Our conversation was like a fast-moving game of Ping-Pong with first one player on the offensive and then the other. It was my turn to spike the ball over the net. That comment immediately put Maribeth George on the defensive.
“I was,” Maribeth said after a pause.
“Please don’t,” I said. “Not right away. If you run it prematurely, there’s a chance it could jeopardize the investigation.”
“Which one?” she asked.
I shook my head and didn’t answer. “Maybe both?” she asked. The woman was downright dangerous. “What about after you make an arrest?”
“At that point,” I said, “you’re welcome to broadcast anything you want. You’ll wait then?”
She nodded. “I suppose,” she said.
I started to walk away, then turned back to her with one last question. “There were a lot of people down at Pier Seventy yesterday morning. Why do you think the wheelchair lady picked you out of the crowd as the person to talk to—or did she talk to lots of people and you’re the only one who’s bothered to come forward?”
Maribeth shrugged and laughed a surprisingly self-deprecating laugh. “You know how it is when you’re a media babe,” she said with a grin. “Lots of people feel like they know you even though you don’t know them. I’ve been a frequent and almost daily guest in thousands of homes since I came back to Seattle last summer. She probably thinks of me as a friend of the family.”
“Media babe?” I repeated, not quite believing my ears. “I would have thought…”
Maribeth laughed aloud.
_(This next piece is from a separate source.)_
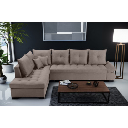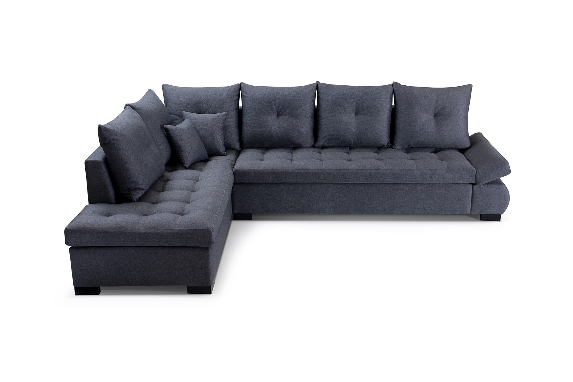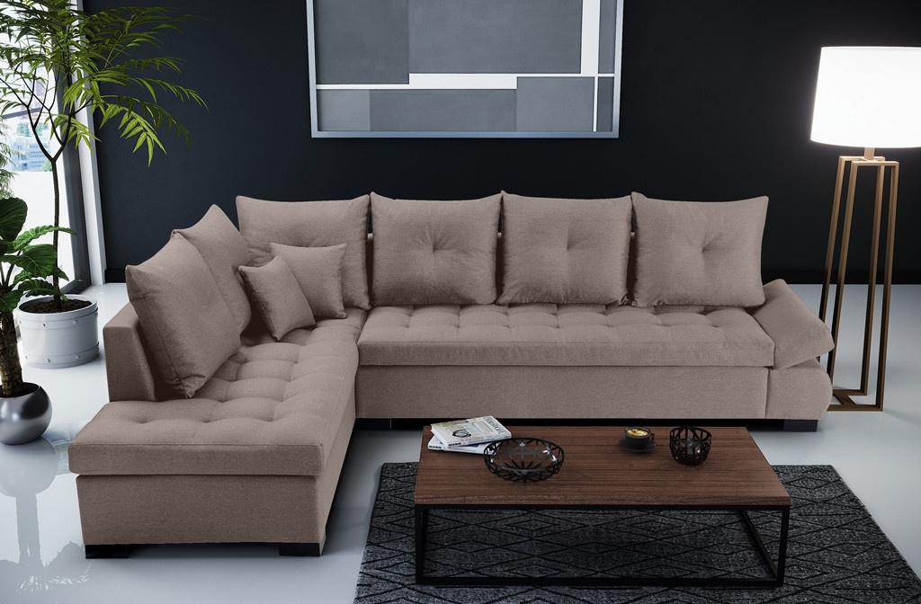 Rohová sedací souprava LORD má konstrukci ve tvaru písmene L a je k dispozici v pravostranném nebo levostranném provedení podle vašeho výběru. Nábytek je vyplněn vlnitou pružinou, čalounickou pěnou a rounem a zajistí pohodlí i po několika hodinách odpočinku nebo odpoledního spánku. Rohová pohovka je vybavena nastavitelnou područkou, která je ideální pro použití jako opěrka hlavy při odpoledním spánku. Rohová pohovka pro více osob s jednou stranou je čalouněná látkou, jejíž barvy si můžete vybrat z široké nabídky barev ve vzorníku. Stylová rohová pohovka zaujme prošívaným sedákem a polštáři umístěnými na opěradle, které jsou rovněž minimálně prošívané. Rohová sedací souprava LORD bude v zařízeném pokoji nejen působivě vypadat, ale zaručí také pohodlí při odpočinku s knihou v ruce nebo při sledování televize.
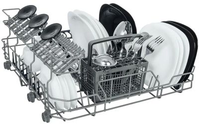 2.Ножи и другая посуда с острыми концами должны загружаться в корзину острым концом вниз, либо располагаться горизонтально.

When she did, I noticed that her teeth were white and straight. “That the words media babe aren’t exactly politically correct,” I added.
“You’re right,” she agreed. “They aren’t, and I’d strongly recommend against you using them in public, especially if there are female reporters anywhere within hearing distance. It’s like African Americans and the N word. When blacks use it on other blacks, they usually do so with impunity. If you or I were to use it, all hell would break loose.”
“What would happen if I called you a media babe?”
She grinned again. “You know about hell, fury, and women, don’t you?”
I’m not used to joking around with reporters, but I laughed in spite of myself. “I feel the same way about outsiders who call detectives dicks,” I told her.
“See there?” she said.
Phil Grimes disappeared into the building. We could both see that the group that had surrounded him was starting to break up. “Hey, Maribeth,” the cameraman called. “Where’d you run off to?”
“Gotta go,” she said to me. “See you around.”
She trotted off to rejoin her cameraman, and I climbed into my car. Glancing at my watch, I was surprised to see that the afternoon was half shot. It was already after three. Other than finding a second body, I had accomplished very little. I still had done nothing at all about contacting Don Wolf’s next of kin or about finding some kind of foolproof verification for Lizbeth Wolf’s I.D. Bearing all that in mind, I headed straight for the office.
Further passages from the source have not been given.